> Work item: In the material below, find the line containing "In a viral video" and the line containing "Bord i massivt". Output those two lines and all lines between them exactly, without pictures.

** Material provided follows **

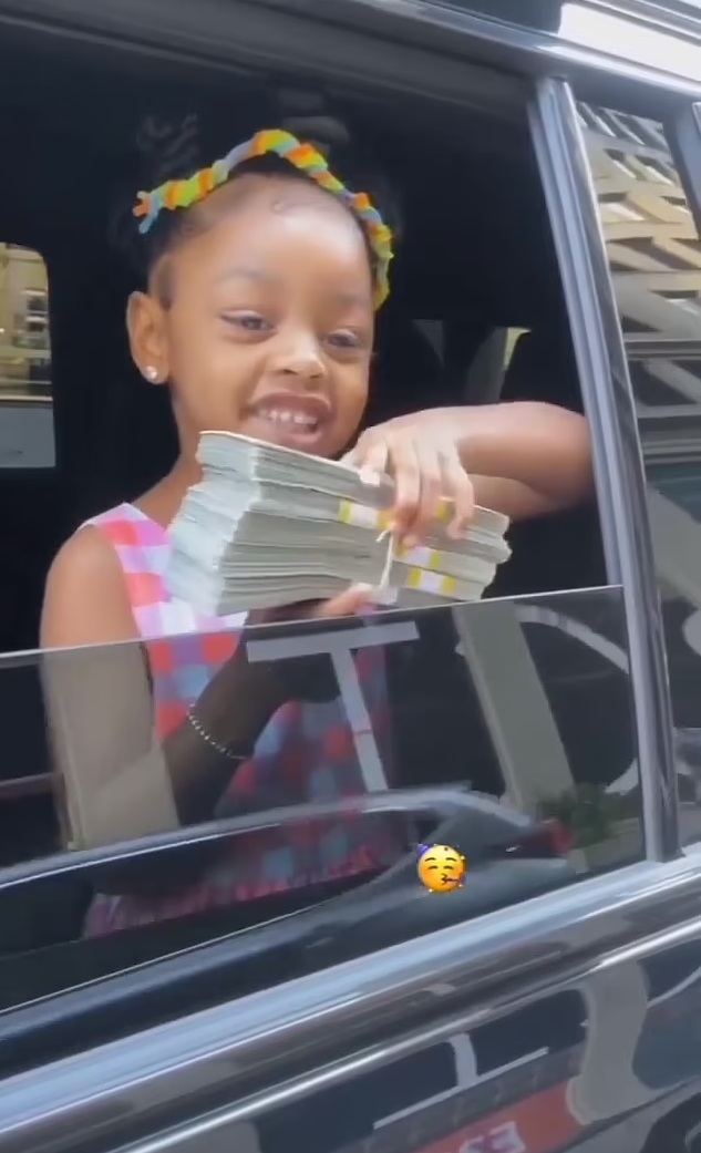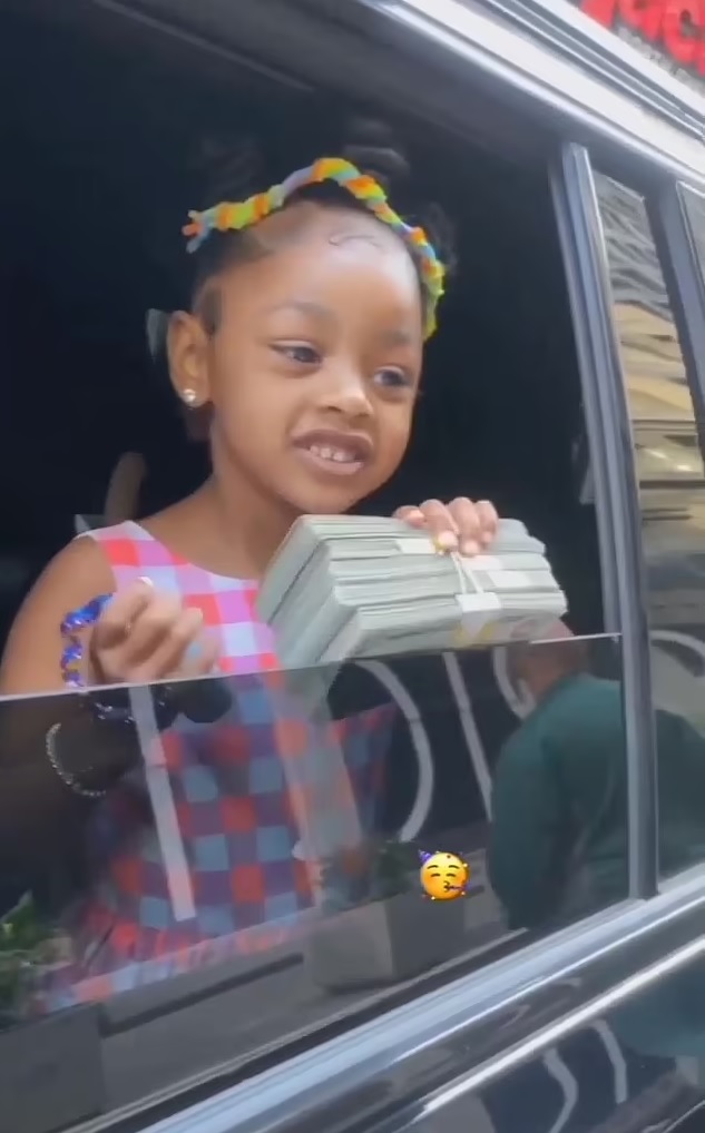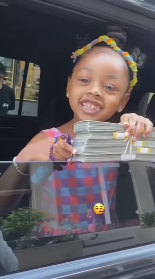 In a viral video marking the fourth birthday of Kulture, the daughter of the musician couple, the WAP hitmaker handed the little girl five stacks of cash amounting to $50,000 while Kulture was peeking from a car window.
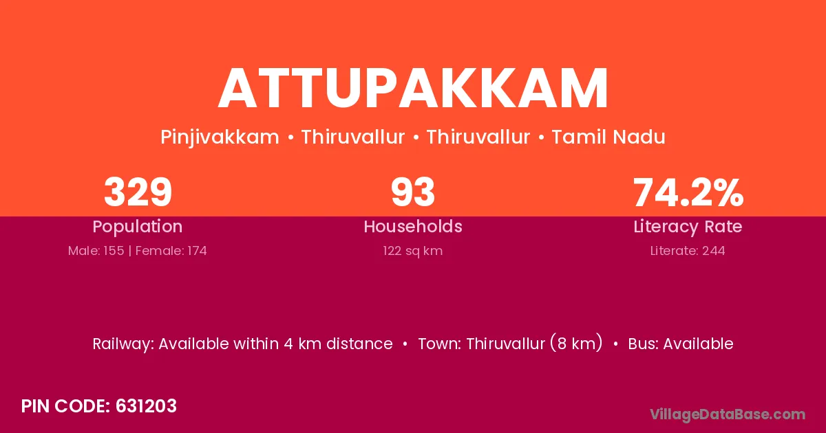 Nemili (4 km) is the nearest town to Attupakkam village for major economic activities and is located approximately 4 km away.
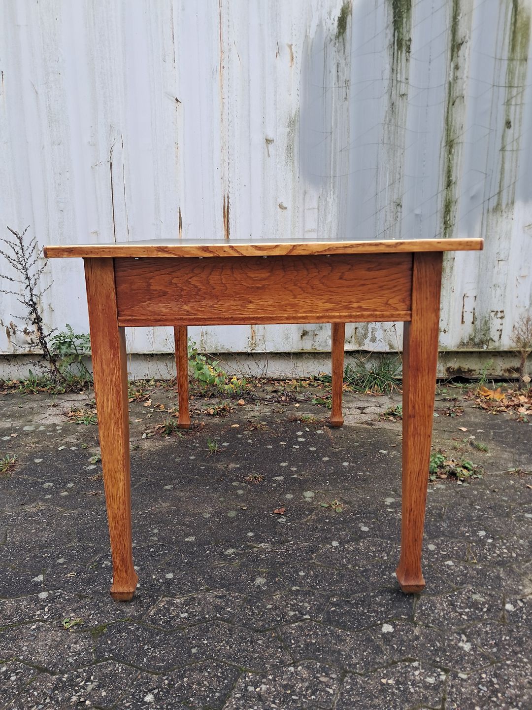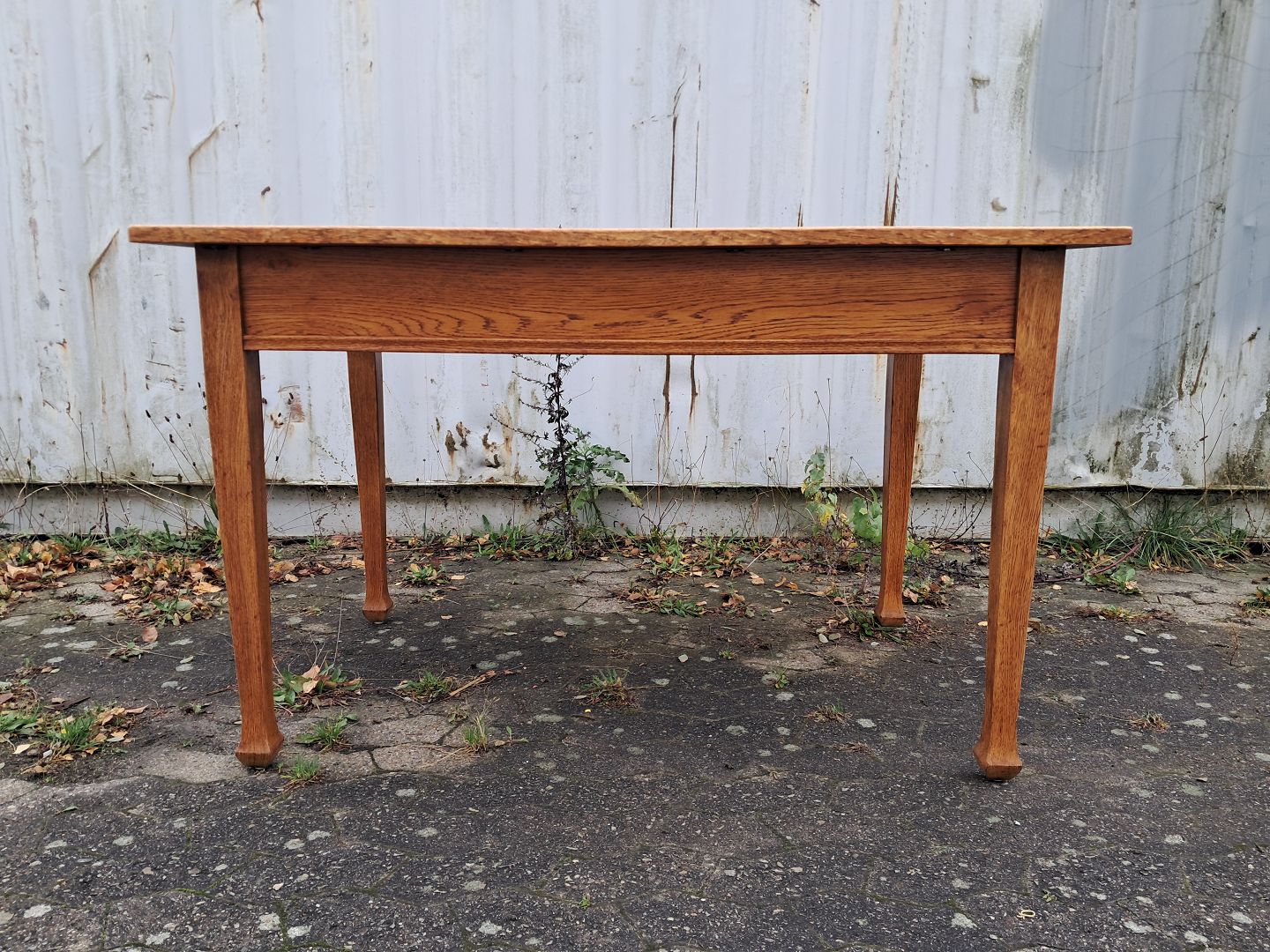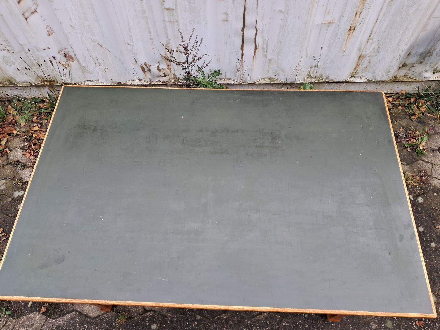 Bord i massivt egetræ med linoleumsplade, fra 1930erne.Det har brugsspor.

** End of Material provided **
** Material provided follows **

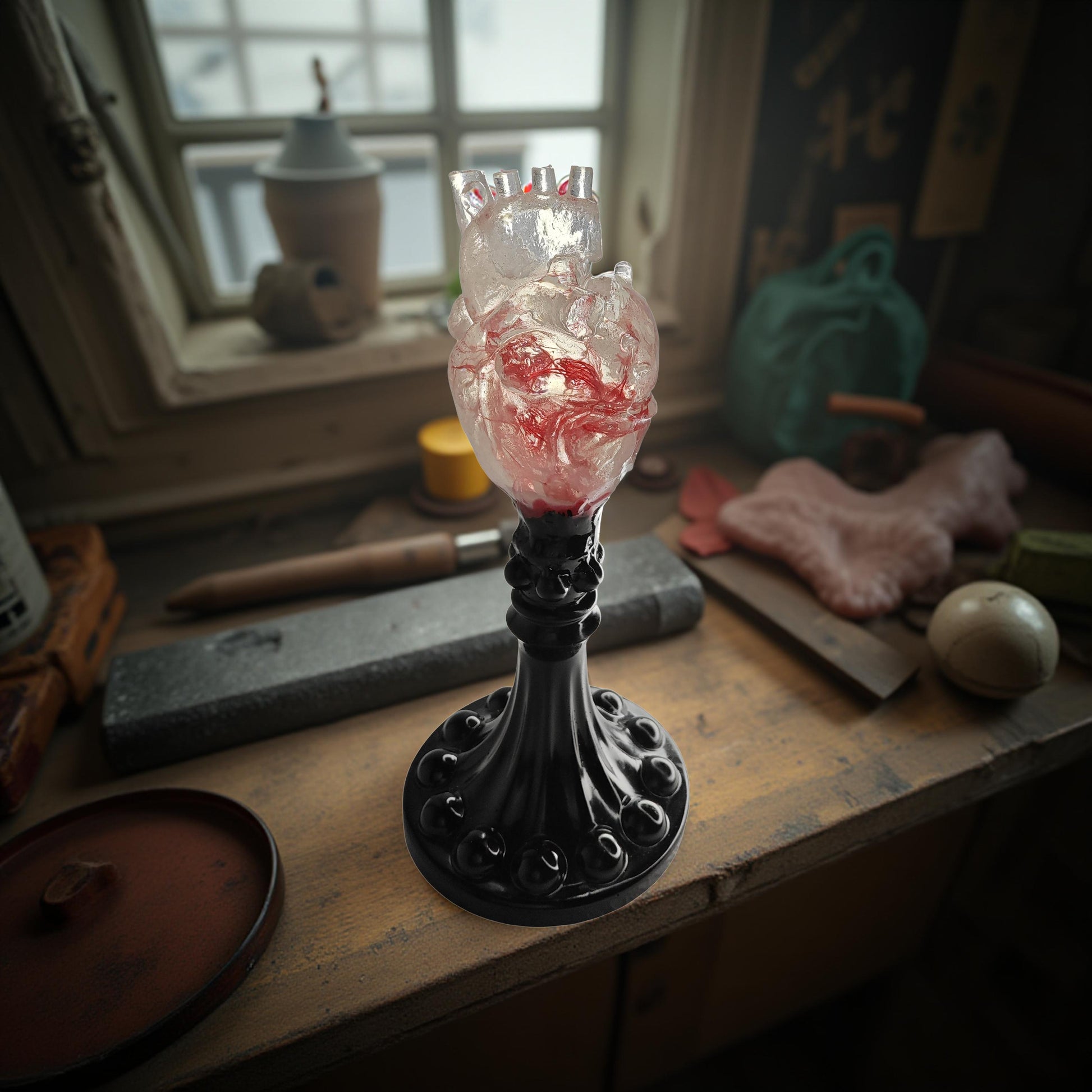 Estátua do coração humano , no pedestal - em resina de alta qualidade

** End of Material provided **

> Response to the exercise:
 In a viral video marking the fourth birthday of Kulture, the daughter of the musician couple, the WAP hitmaker handed the little girl five stacks of cash amounting to $50,000 while Kulture was peeking from a car window.
 Nemili (4 km) is the nearest town to Attupakkam village for major economic activities and is located approximately 4 km away.
 Bord i massivt egetræ med linoleumsplade, fra 1930erne.Det har brugsspor.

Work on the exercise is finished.